Peter Corrigan: Wit with wisdom in Wisden

It was comforting in a cold spring week to welcome that harbinger of warmer days, Wisden. The 142nd edition of the cricketers' almanack (John Wisden, £36) is bursting with enough fascinating stuff to keep you going even if it turns out to be a wet summer.

It was comforting in a cold spring week to welcome that harbinger of warmer days, Wisden. The 142nd edition of the cricketers' almanack (John Wisden, £36) is bursting with enough fascinating stuff to keep you going even if it turns out to be a wet summer.

Among the mass of intriguing views, records and unusual, if not bizarre, cricketing occurrences contained in its 1,744 pages are gems like the founding of the China Cricket Association last year. The CCA have been affiliated to the International Cricket Council, but there was a snag when the government official in charge of the game in China met members of the ICC. The government run all sports in China, and they are divided into sections. Cricket takes its place alongside other games such as tennis and hockey, and the official was introduced as the Deputy Director-General for Small Balls. Ever anxious to fit in with the rest of the world, the Chinese have changed the section's name to Multi-Sports.
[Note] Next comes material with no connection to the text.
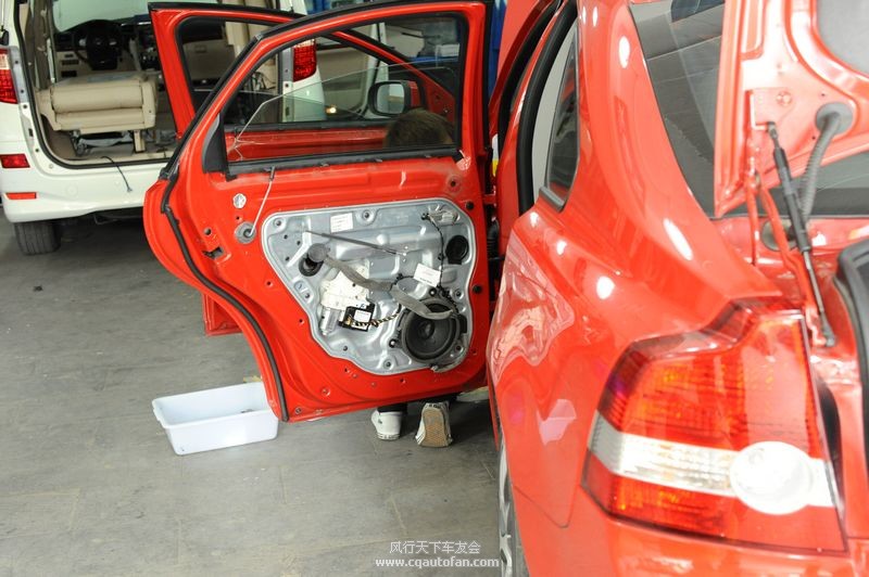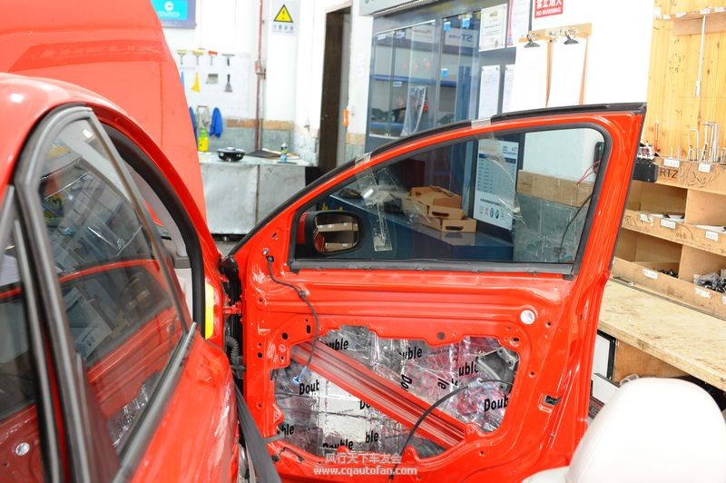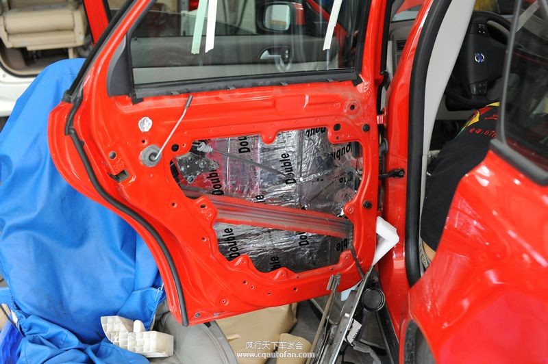 拆掉内层钢板,在车门内层粘贴隔音材料:

The power of this revered publication is packed into its opening article, which goes by the quaint title of "Notes by the Editor". The editor is the inimitable Matthew Engel, and this deliverance of his annual verdict on the game's activities carries a telling punch from which a few of the game's most authoritative figures will be reeling.

Engel's opinion of some of cricket's governing bodies is contained under the subheading "The worst administrators in the world" and concerned mainly last year's Champions Trophy in England. He rated this one of the greatest sporting fiascos of our time, and said that the majority of the governing bodies involved "could, in varying degrees, be categorised as either incompetent, corrupt, government-controlled or racist".
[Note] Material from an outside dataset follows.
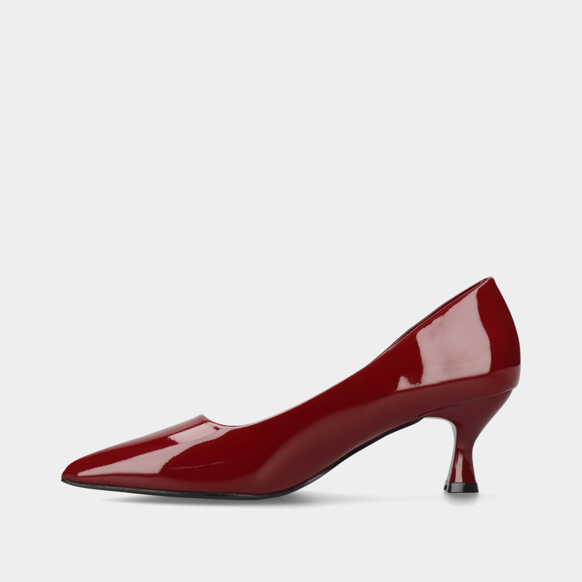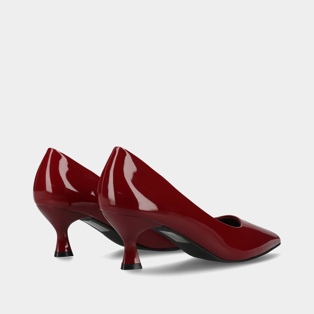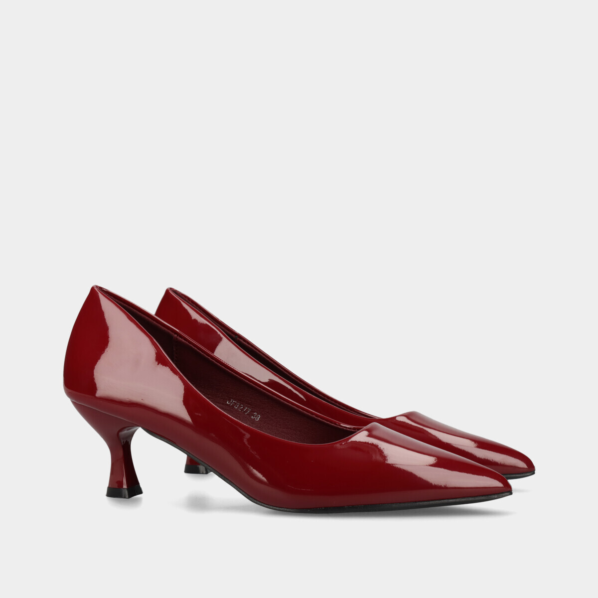 Sapato stiletto para mulher em bordô verniz, com salto médio e palmilha confortável.

One, the USA Cricket Association, have been appalling for years, and the ICC felt stung to write them a letter that Engel praises for its "vituperative splendour". The letter, sent to the president of the USACA, described the American performance in the Champions Trophy as "abysmal" and went on: "We have seen numerous sporting organisations in various states of disarray... but we have never seen one that combines such great potential and such poor administration... From our observations, much of the blame for this lies with current office-bearers of USACA, including yourself."

Lord Terry Burns began his official review of the Football Association last week. I hope someone sends him aWisden.